Mikhail: Beilinson and Bernstein certainly don't do so. But to start with I am happy assuming that both $M_1, M_2$ are of the form $IC(U,constant sheaf)$, with the natural mixed structure. Heck, as a simplification even assume that $M_1$ and $M_2$ are constant sheaves (shifted ofcourse). However, ideally, the answer to my question should be some general nonsense that applies to both the $\ell$-adic and mixed Hodge settings (I mean if it is `clearly', then it really should be some basic observation that I am missing). However, the paper is written with mixed being as in the $\ell$-adic setting. –  Reladenine Vakalwe Sep 4 '12 at 19:25

2 Answers 2

The problem is your statement: "The ordinary ( = non-mixed) $Ext^1$ group should be the extensions between the restrictions of $M_1$ and $M_2$ to the intersection $Y_1\cap Y_2$." This is absolutely not true in any generality I can think of. (EDIT: I should have said this doesn't work if you use *-restriction in both cases. The spectral sequence mentioned below that it does if you use *-restriction for one, and !-restriction for the other. The spectral sequence below applied to $X\supset Y_1\cup Y_2 \supset Y_1\cap Y_2$ shows this.)
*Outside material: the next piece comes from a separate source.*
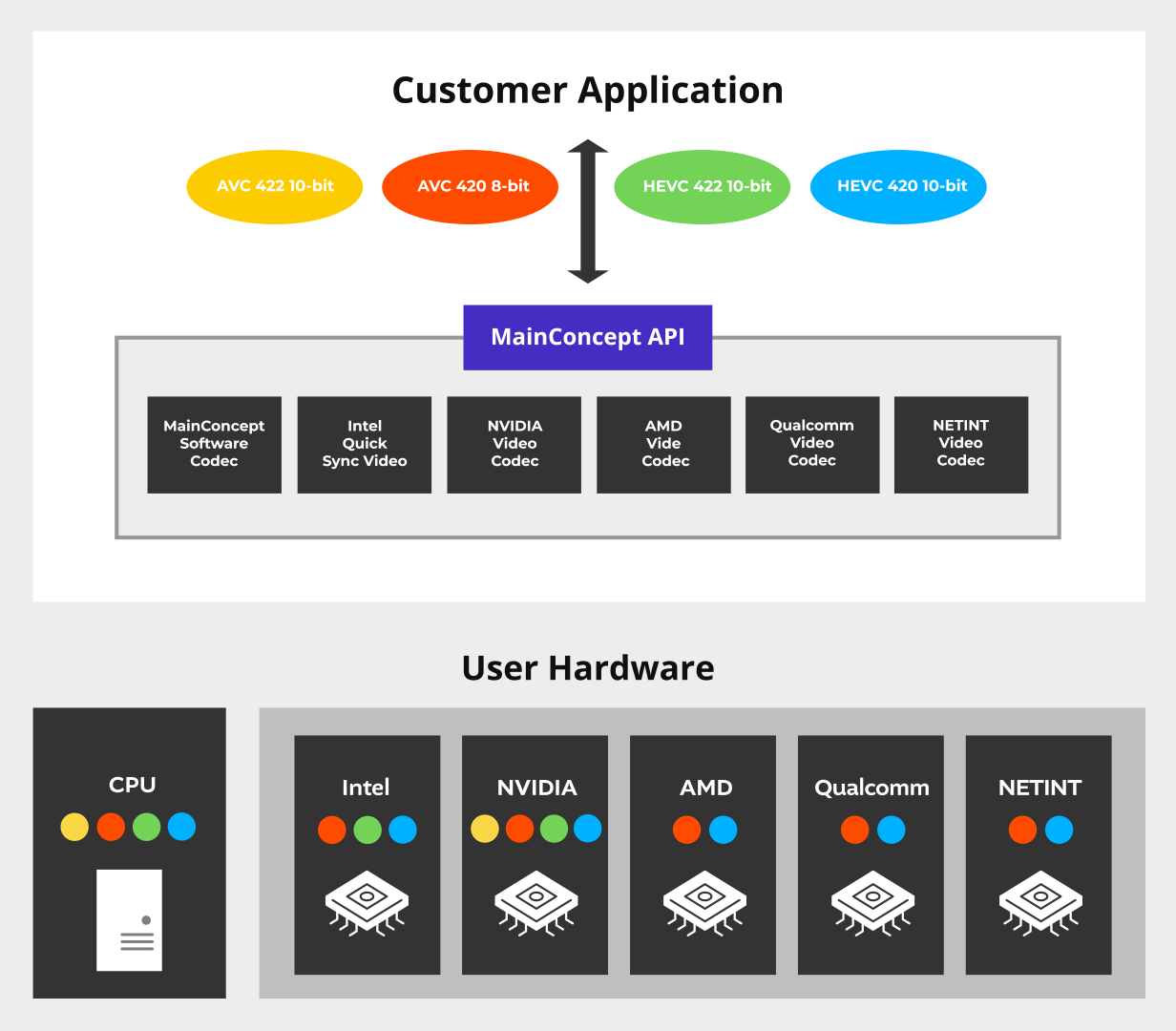 MainConcept EVA provides a unified API to control both hardware and software codecs through a single interface. It enables faster integration, reduced development effort, and flexible deployment across diverse infrastructures. EVA supports GPUs from AMD, Intel, NVIDIA, and Qualcomm, and now extends to NETINT VPU-based encoding and decoding capabilities.

The way one actually can calculate Ext groups using the geometry of the intersections is the spectral sequence given at the start of section 3.4 of Koszul duality patterns....

EDIT: Perhaps it's better to think of it this way: assume $Y_2\not\subset Y_1$ and let $j$ be the inclusion of $Y_2\setminus Y_1\cap Y_2$. Then any non-trivial extention $M_1 \to M \to M_2$ has a map $j_!j^!M_2\to M$ induced by the isomorphism $j^!M_2\cong j^!M$ which factors through the perverse truncation $H^p_0(j_!j^!M_2)$. As a map of perverse sheaves $H^p_0(j_!j^!M_2)\to M$ must be surjective since otherwise its image would split the exact sequence. Thus, $M_1$ must be a composition factor of $H^p_0(j_!j^!M_2)$ and so $Y_1\subset Y_2$.

MORE EDIT: If $M$ is a nontrivial extension of $M_1 \to M \to M_2$, it cannot have a subobject isomorphic to $M_2$. If it did, then then we would have an isomorphism $M\cong M_1\oplus M_2$ using the inclusion of $M_1$ we had before, and the inclusion of $M_2$ we just assumed existed.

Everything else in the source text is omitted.